The last blog has led to comments that make me throw up. I realized it was time to write a new one.
JoJo had been yakking and spitting too often. Not even hairballs. I was worried, and knew I had to get her to the vet. So, I’m working away one day, and up pops some ad for Internet Vet or something like that. I paused, mostly surprised that it wasn’t an ad for Aldo boots or Gap cotton sweaters or something else I would prefer to Internet shop for. My computer knows me so well, it suggests my size, my style preference and even says WE ALREADY HAVE YOUR VISA NUMBER ON FILE. I like admiring boots and jeans and sweaters while I work. Though I now get pop ups for Junk-B-Gone or something like that, since I called a Junk Place a month ago to take away some final construction debris. They also have my visa number on file.
Anyway, there I am working away, worrying about the upchucker in the next room, when this vet thing pops up. ‘Just ask a question, we have dozens of the World’s Best Vets waiting to hear from you”, it said. So. I glanced at Spitty Girl, and went in. You ask a question – as long and detailed as you like, you give them a visa payment of $18 in good faith – you can take it back if you don’t like the advice. I shrugged, typed in JoJo’s problem, and waited. In about 5 minutes, a real live vet asked me further questions. He was real: there was a picture of him there, sitting on a rock somewhere oceany, like California. It looked more like a Match.com picture than an internet vet picture, though I must admit, I’ve not really familiar with either. I want someone to make my cat stop throwing up under my bed every night, not take me out. Though someone who could do both would be a hell of a catch, you must admit. Well, I guess only if you’re a single woman with a lot of cats. Nevermind.
He suggested I change foods. The girls eat such expensive vet food Christopher calls it cate. With a little accent ague over the ‘e’. He suggested a different brand; I checked the Rent-a-Vet site, and there were no ads for this brand, so I was more inclined to believe him. I decided the next day to give it a go. I paid the 18 bucks. I’m sure he used it to buy a latte to go lounge on the rocks again.
We started having some more problems with wee Maggie that night; she was just too lethargic. Pammy and I took her to the 24 hour vet at about 10 at night. Apparently, JoJo is an 18-dollar-over-the-internet-worthy-cat, but Maggie is a rush-screaming-in-an-ambulance-to-the-emergency-ward-cost-be-damned-cat. As we hustled Maggie and her cage out to the car, I realized I haven’t driven my own car in ages. Christer and Pammy are using it most days for school.
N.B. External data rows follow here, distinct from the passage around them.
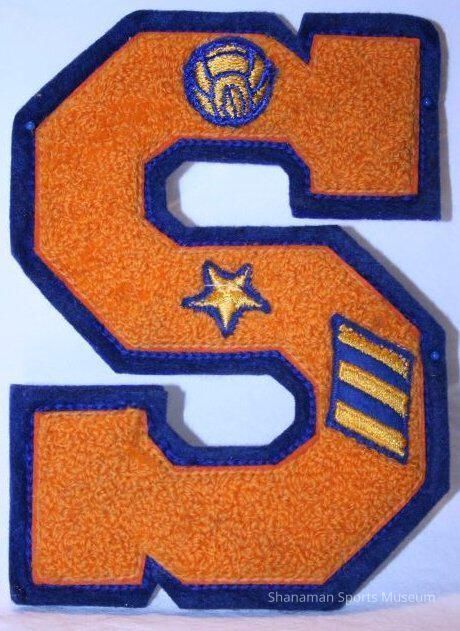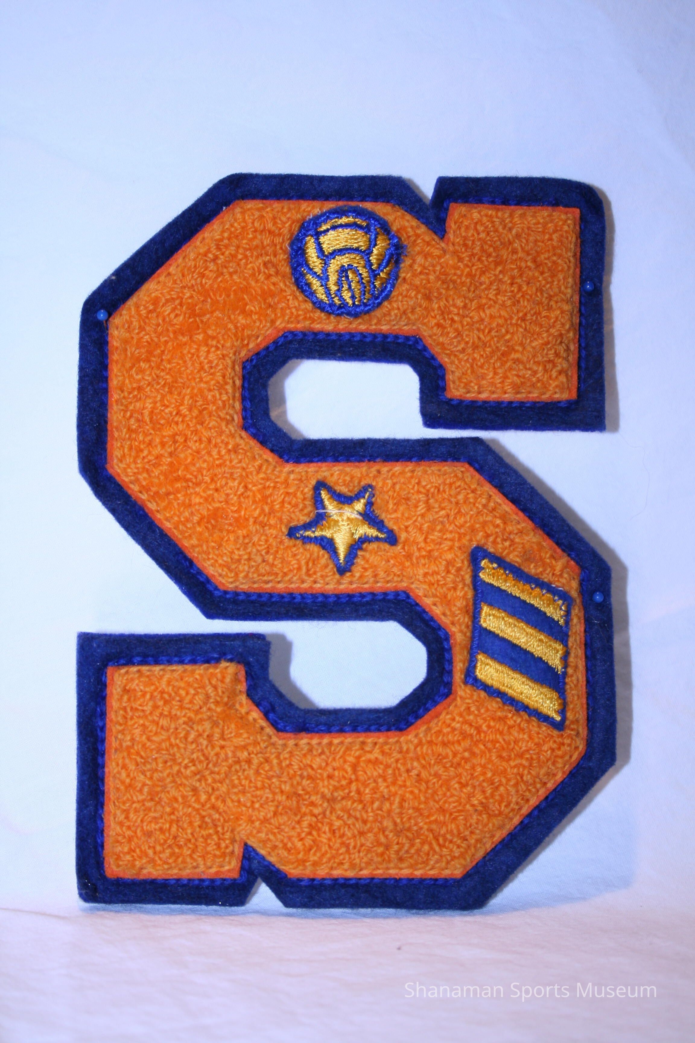 Stadium High School varsity letter - block "S" with 3 hash marks, star and soccer ball.
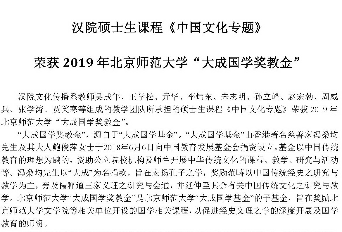 汉院硕士生课程《中国文化专题》荣获2019年英国威廉集团官网“大...
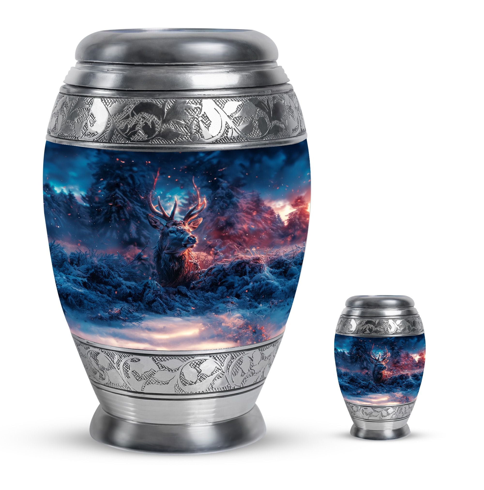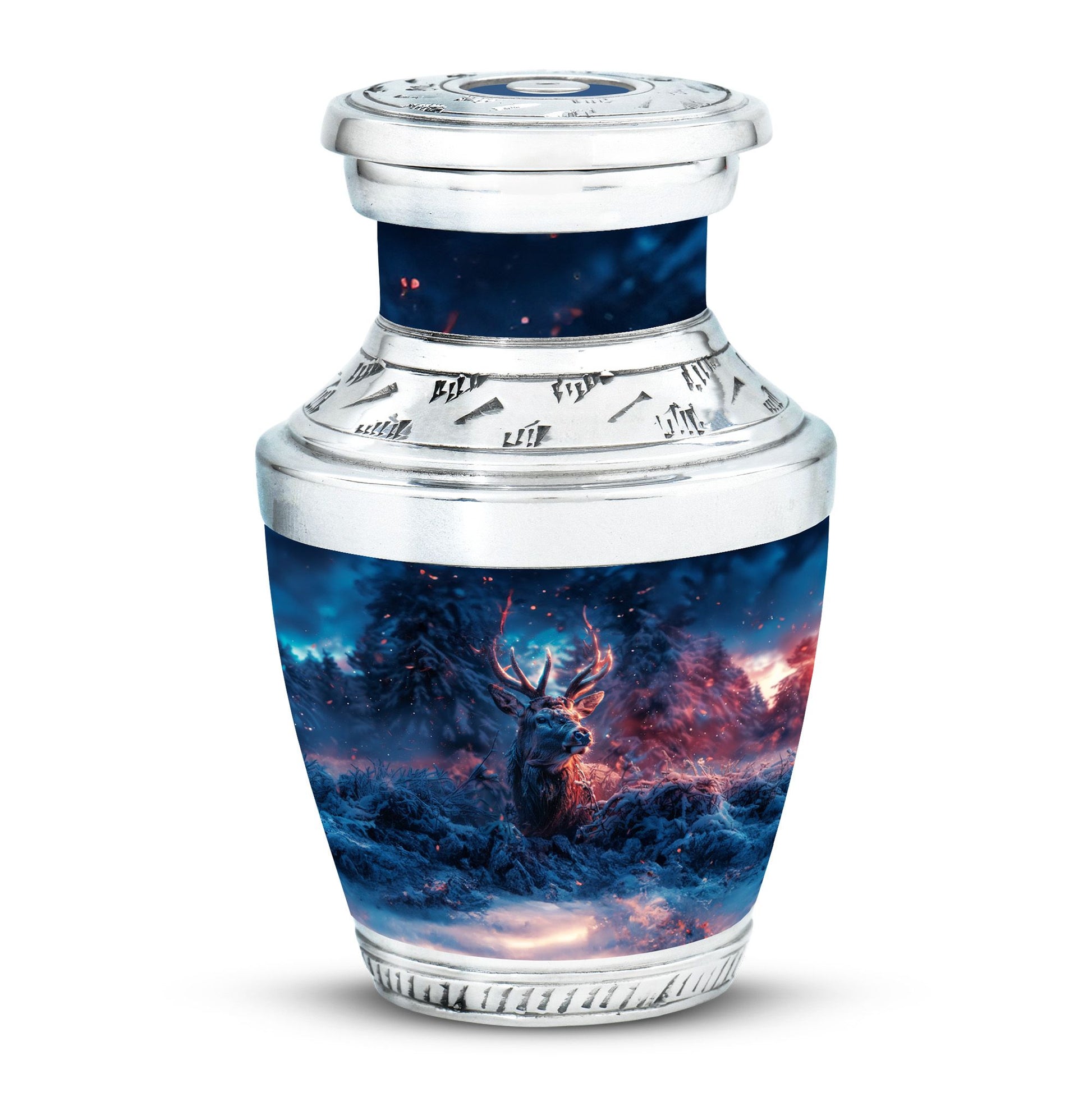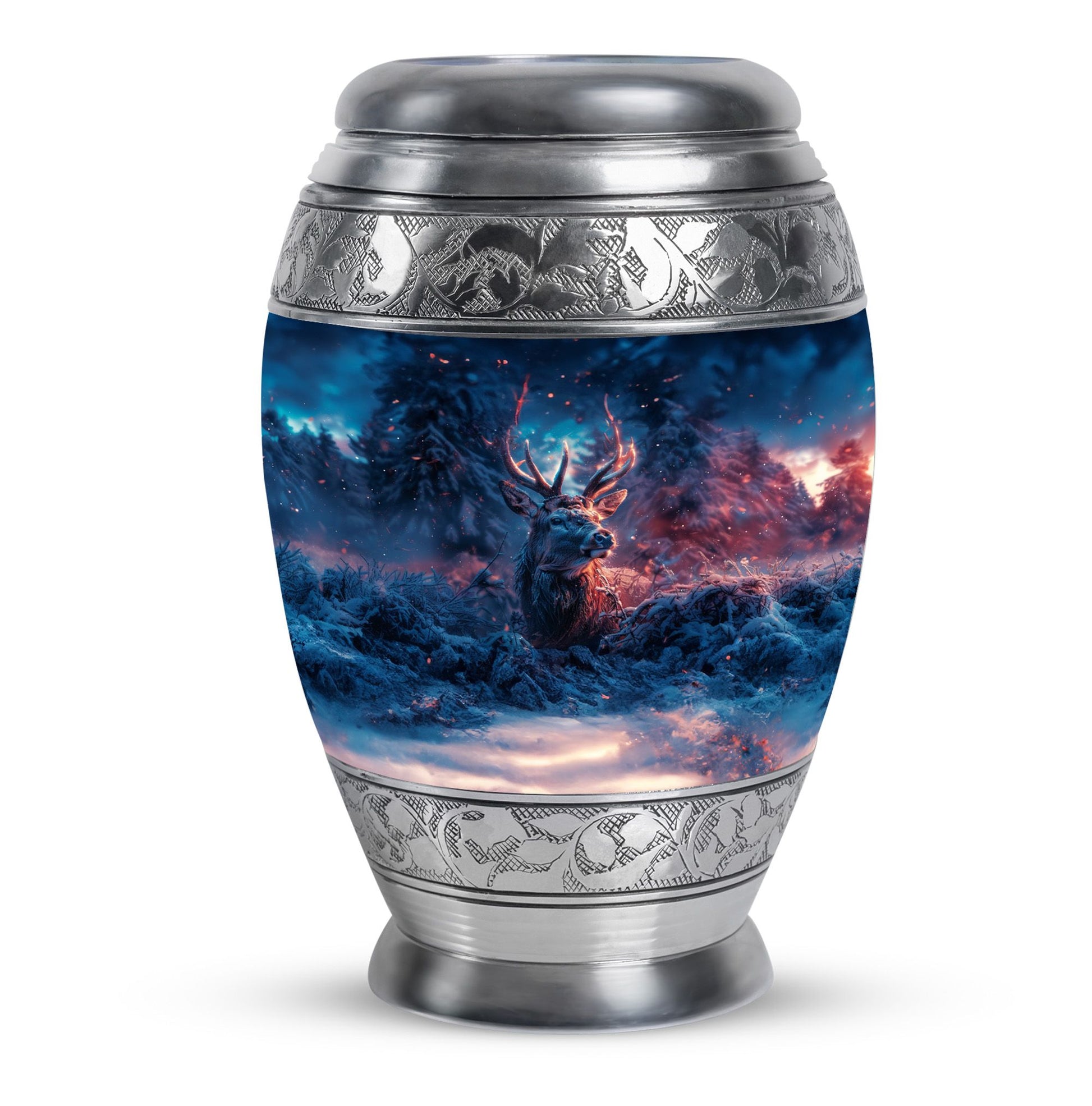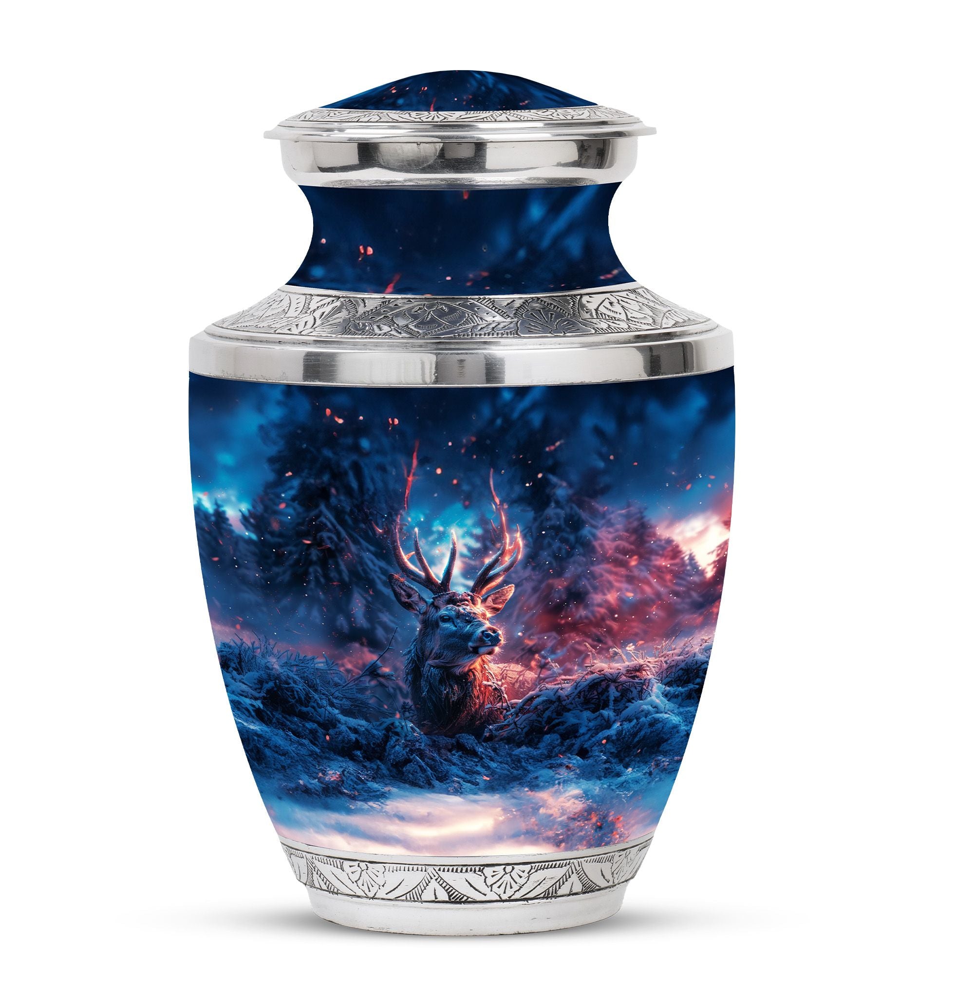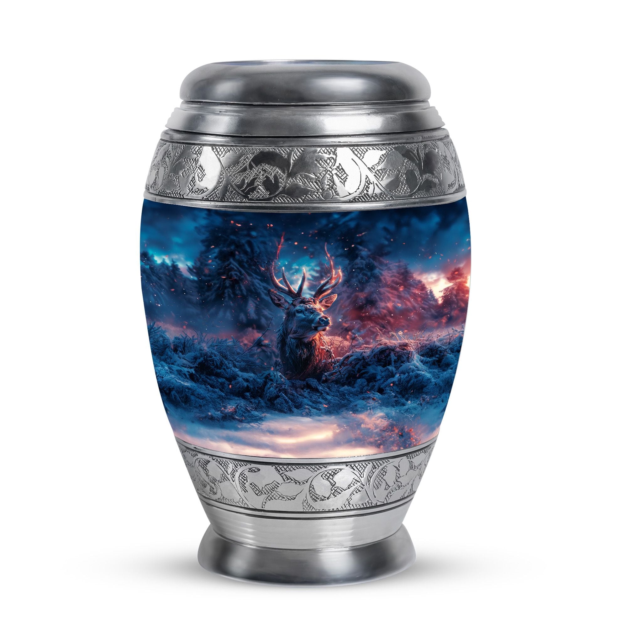 Made from high-quality aluminum, this adult male urn features a graceful elk motif representing strength, guidance, and eternal connection. Compact yet durable, it is ideal for families seeking urns for ashes adult male small keepsake or burial urns for human ashes adult male. With its secure screw-top lid, the urn ensures safe storage, making it suitable as cremation urns for human ashes adult female as well.

I’ve had a little Boxster here in the driveway. As we went down the steps, I asked Pam how much crap was in the back of our car; Christer treats it like a tip. She ran ahead of me to clear some space, as Maggie glanced at the Porsche and said “can’t we take the good car?”
The place was empty, a good sign. Maggie had on her sad, mopey face, alternating with her angry, slitty eyed fierce face. But it’s hard to be fierce when your weight is down to 5 and three quarter pounds. They weighed her; she’d lost half a pound since June, when the kids had her in. I nearly cried.
The tech took her temp (normal, but oh, the indignity), her heart rate (normal) and poked her all over (normal). She mostly just glared at me the whole time (also normal). And so we waited. And waited. There was one other cat in there, we discerned (by listening to the voices over the door to the next room). The vet went on and on and on….and on. Hour and a half on and on. Most of it was listing how much all the procedures cost, so the cat owners could choose, al a cart, I guess. Thing is, Maggie finally looked at her watch, shot me a look that said “really? This is so far past my bedtime…and yours” that we left. I tried to pay, but the tech said to just go. I told her I’d take her to my vet in the morning.
You know what’s coming, don’t you? We got home, and it coincided with starting JoJo on the new food. And Maggie started eating. And eating. It’s a week later. She’s gained weight. She’s shiny and happy and chasing JoJo around. She’s normal. They both just had quit their food, like two girl cat cowboys. My initial joy that the new food costs about 25% less than the old stuff was quashed when they started eating 3 times as much. But it wasn’t lost on me that the Internet vet had cured two cats in one go.
Oh, and JoJo isn’t spitting up anymore. Way, way less. I triumphantly told Ari that the Internet vet was just fine, and that it was $18 well spent. “She’s still kakking up,” he told me. “She just does it in the rec room when I’m in here at night”. “No, she isn’t,” I told him. “She’s cured.” He looked at me, about to say something. He held his tongue. Bet if I check his browser history, it’ll show a search for Internet shrink.